How to complete this task
From the line containing "1、课下请大家发挥想象,设想" through the last line of the listing, output each line exactly as it stands. Omit pictures.

Data for this task
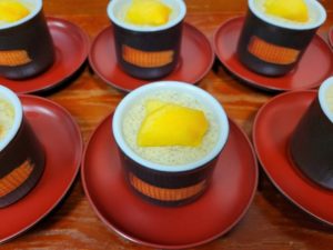 おやつは『柿のプリン』です。利用者の〇さんが、ご近所になった柿を沢山頂いたとおすそ分けで頂きました。
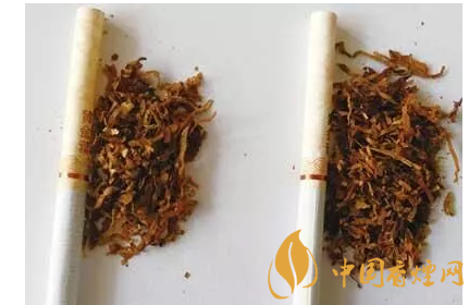 假煙:水松紙顏色淡,煙絲是霉變?nèi)~絲和再造煙葉,雜質(zhì)成分居多。
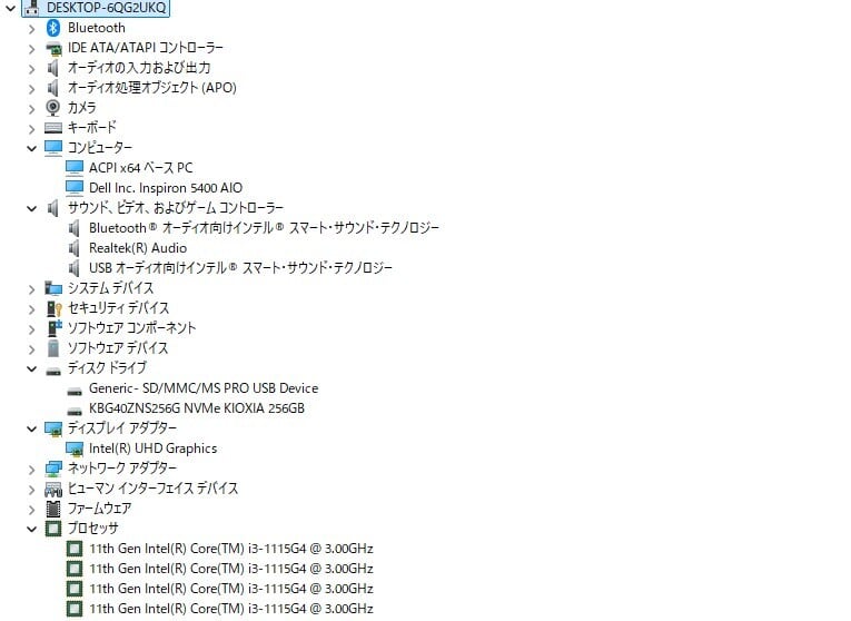 ・型番:Inspiron 5400
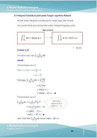 3.4 Integrasi Substitusi pada pada Fungsi Logaritma Natural
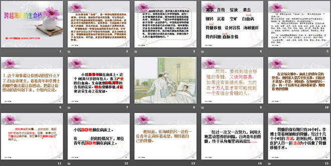 1、课下请大家发挥想象,设想一下,如果有一天小钱和那位捐骨髓的台湾青年相遇了,他们会说些什么?
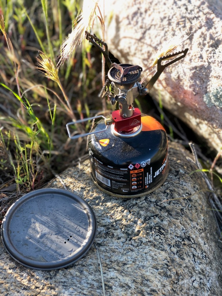 The site was next to a pile of rocks, which could be helpful for leaning my bag against, along with placing my cook stove on. There were an abundance of rocks to place on my tent stakes too. I found the rocks were all too uneven and jagged to sit on, and barely level enough for my stove. But I would have to make it work.
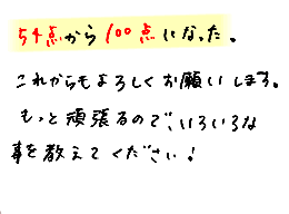 54点から100点になった。これからもよろしくお願いします。もっと頑張るので、いろいろな事を教えてください!
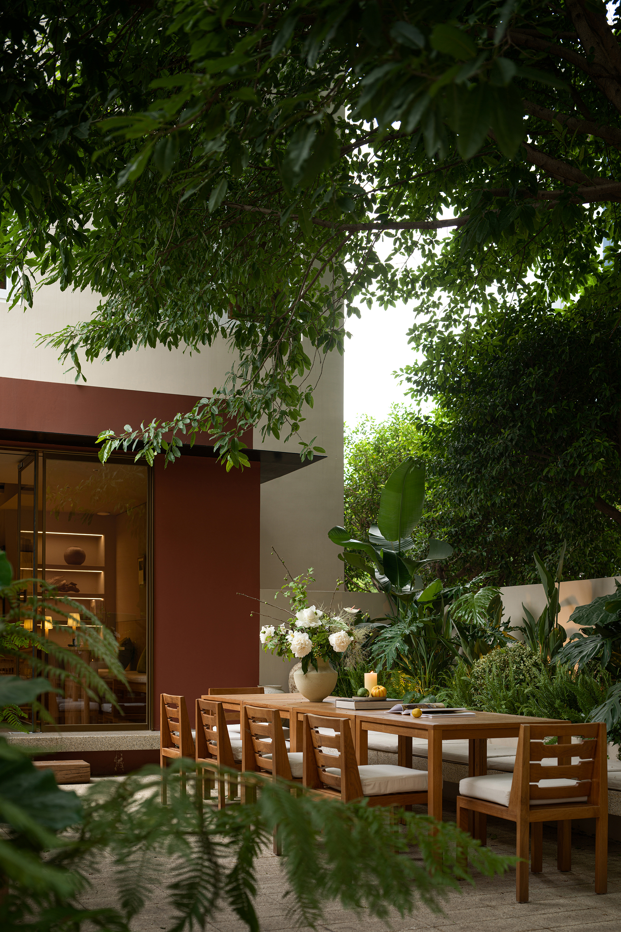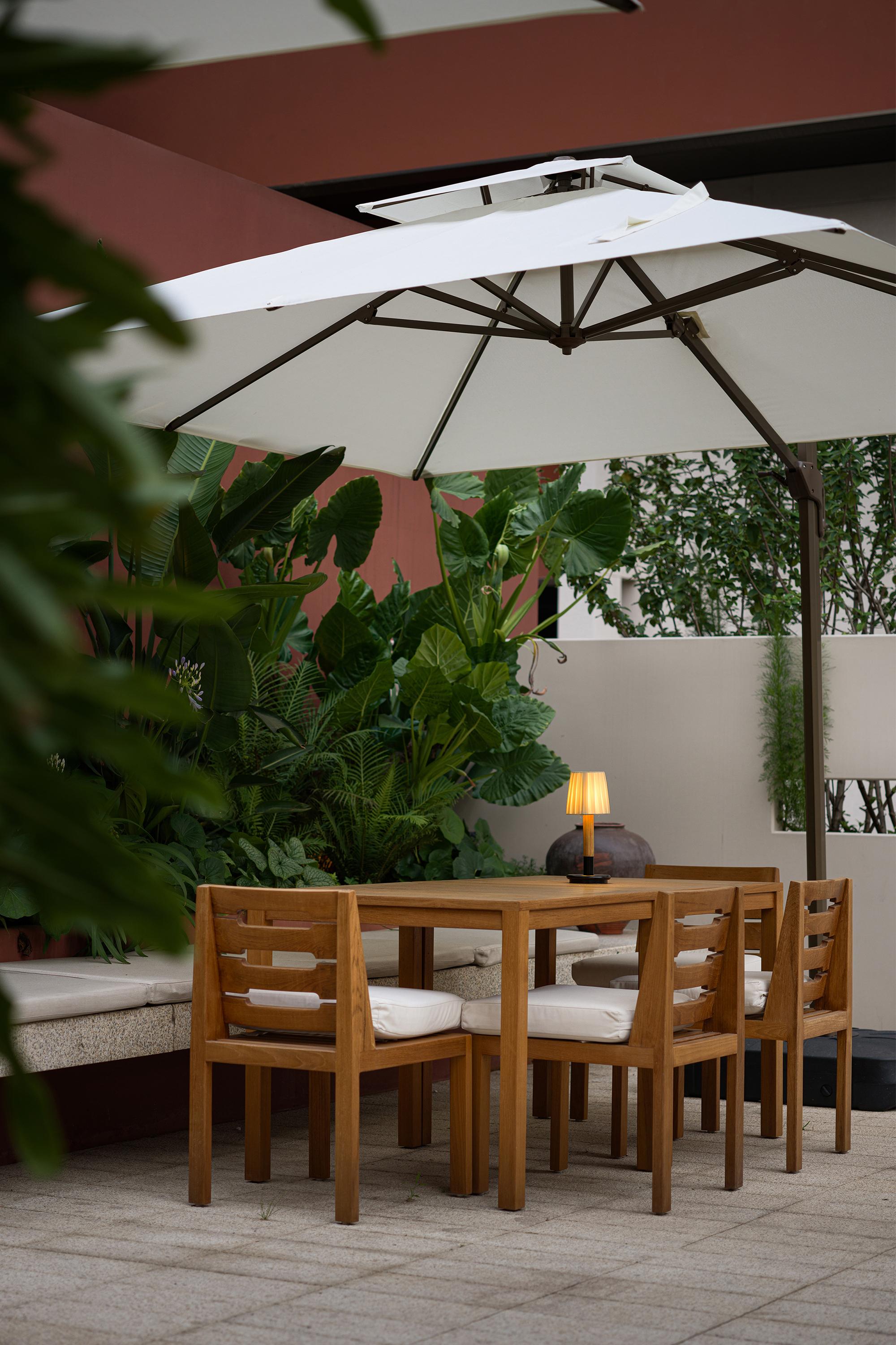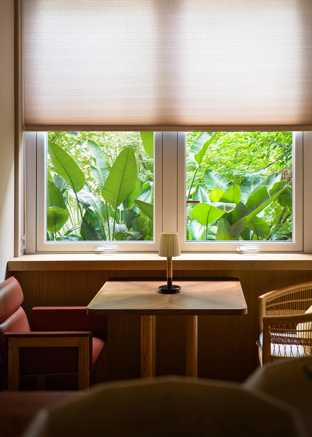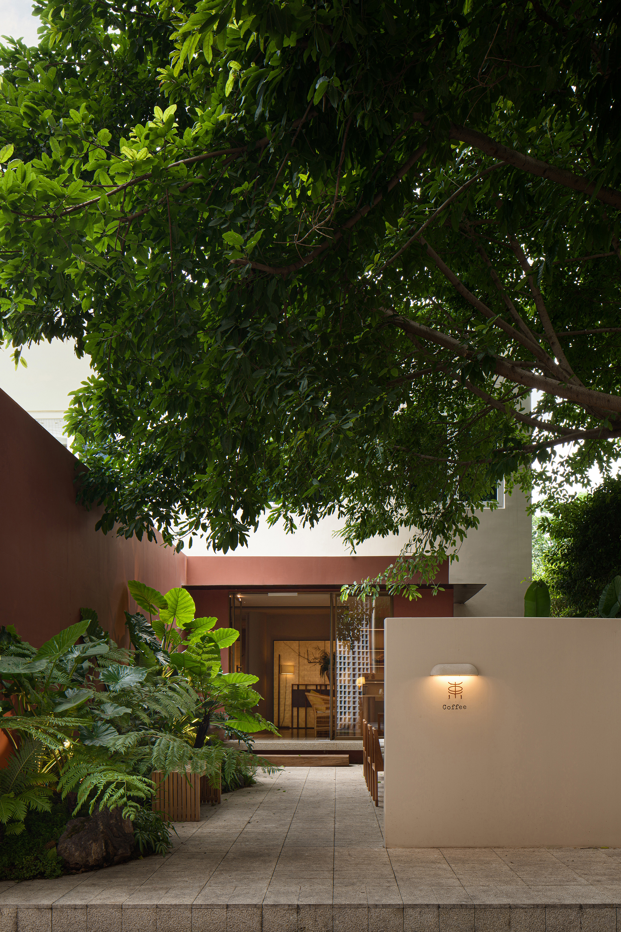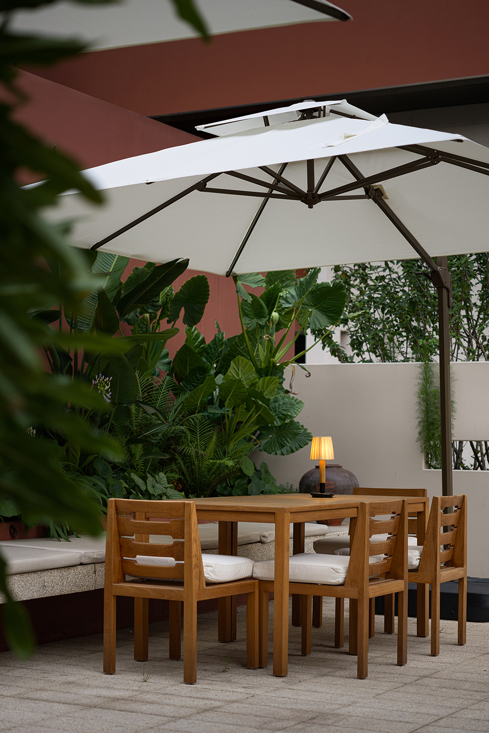 Inside, the aroma of coffee fills the air, but the soould of the space lies in the lush, green courtyard. A few umbrellas, scattered tables, and dappled sunlight filtering through the leaves create a living stage. This café has become the bridge betwwn design and the public, nurturing creativity in nature’s embrace. Instead of pursuing flashy forms, the design focuses on people’s authentic feelings within the space, breaking boundaries to bring the landscape indoors, achieving an aesthetic unity of commercial logic and humanistic spirit.

Result
 1、课下请大家发挥想象,设想一下,如果有一天小钱和那位捐骨髓的台湾青年相遇了,他们会说些什么?
 The site was next to a pile of rocks, which could be helpful for leaning my bag against, along with placing my cook stove on. There were an abundance of rocks to place on my tent stakes too. I found the rocks were all too uneven and jagged to sit on, and barely level enough for my stove. But I would have to make it work.
 54点から100点になった。これからもよろしくお願いします。もっと頑張るので、いろいろな事を教えてください!
 Inside, the aroma of coffee fills the air, but the soould of the space lies in the lush, green courtyard. A few umbrellas, scattered tables, and dappled sunlight filtering through the leaves create a living stage. This café has become the bridge betwwn design and the public, nurturing creativity in nature’s embrace. Instead of pursuing flashy forms, the design focuses on people’s authentic feelings within the space, breaking boundaries to bring the landscape indoors, achieving an aesthetic unity of commercial logic and humanistic spirit.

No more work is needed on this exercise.